▸ **YOUR GOAL**:
Beginning with the line containing "Декоративная ель: 28", write out each line exactly through the end of the listing, and skip all pictures.

▸ **INFORMATION**:
────────────────────
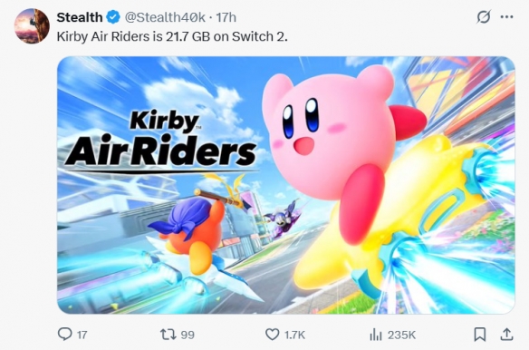 《星之卡比》正统续作《卡比的驭天飞行者》即将在本周正式发售,游戏的容量也在近日曝光。根据推主@Stealth40k的消息,本作在Switch 2上的大小为21.7GB。
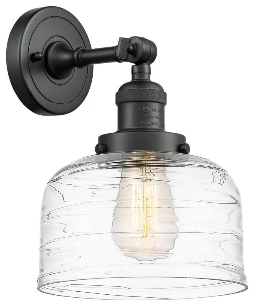 INNOVATIONS 203-PN-G713 1-Light Sconce Polished Nickel. Collection: Franklin Restoration. Style: Industrial, Farmhouse, Restoration-Vintage, Traditional. Metal Finish: Polished Nickel. Metal Finish (Canopy/Backplate): Polished Nickel. Material: Steel, Cast Brass, Glass. Dimension(in): 12(H) x 8(W) x 9. 375(Ext). Bulb: (1)60W Medium Base,Dimmable(Not Included). Maximum Wattage Per Socket: 100. Voltage: 120. Color Temperature (Kelvin): 2200. CRI: 99. 9. Lumens: 220. Glass Shade Description: Clear Deco Swirl Large Bell. Glass or Metal Shade Color: Clear Deco Swirl. Shade Material: Glass. Glass Type: Transparent. Shade Shape: Bell. Shade Dimension(in): 8(W) x 5. 75(H). Fitter Measurement (Glass Or Metal Shade Fitter Size): 3. 25 inch Fitter. Canopy Dimension(in): 4. 5(Dia). Backplate Dimension(in): 4. 5(Dia) x 0. 75(Depth). California Proposition 65 Warning Required: Yes. UL & ETL Certification: Damp Location.
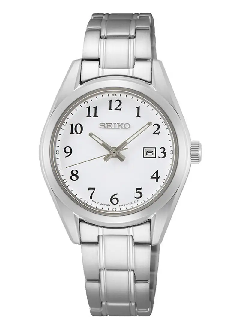 Dámské hodinky Seiko Classic SUR465P1 jsou určeny pro ženy, které si cení tradiční styl a vysokou čitelnost ciferníku. Klasický bílý číselník s kompletní sadou arabských číslic tento model odlišuje mezi minimalistickými časomírami a dodává mu každodenní eleganci.
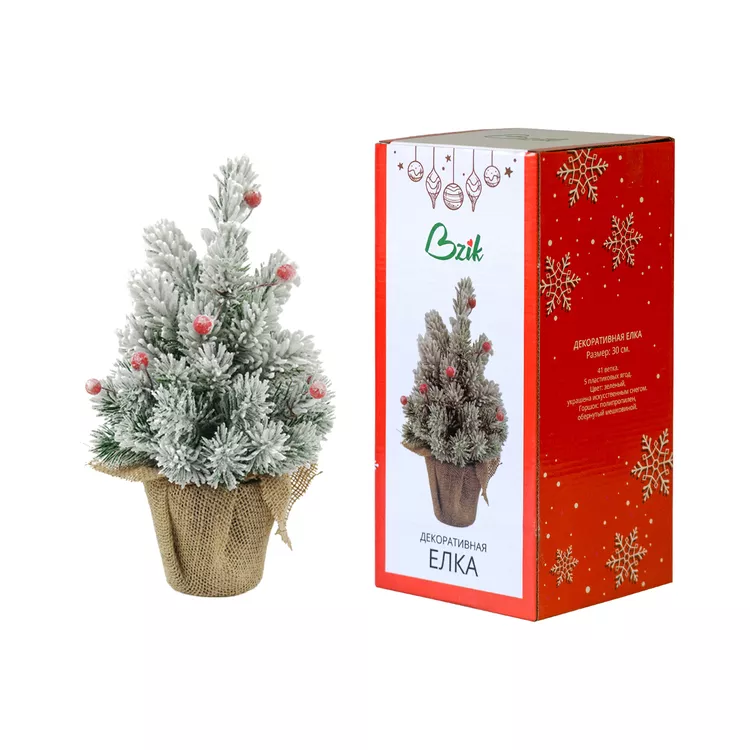 Декоративная ель: 28 веток, 3 пластиковых ягоды
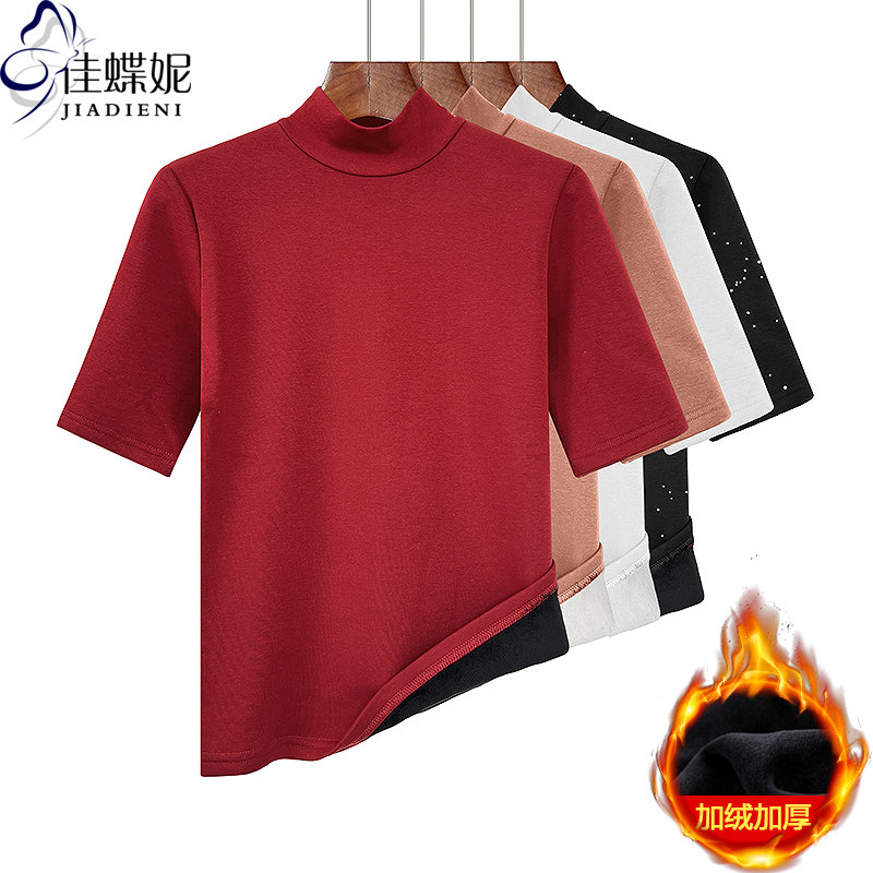 冬季新款半高领修身纯色加绒保暖加厚圆弧纯欲中袖体恤上衣女打底
────────────────────
▸ **EXPECTED OUTPUT**:
 Декоративная ель: 28 веток, 3 пластиковых ягоды
 冬季新款半高领修身纯色加绒保暖加厚圆弧纯欲中袖体恤上衣女打底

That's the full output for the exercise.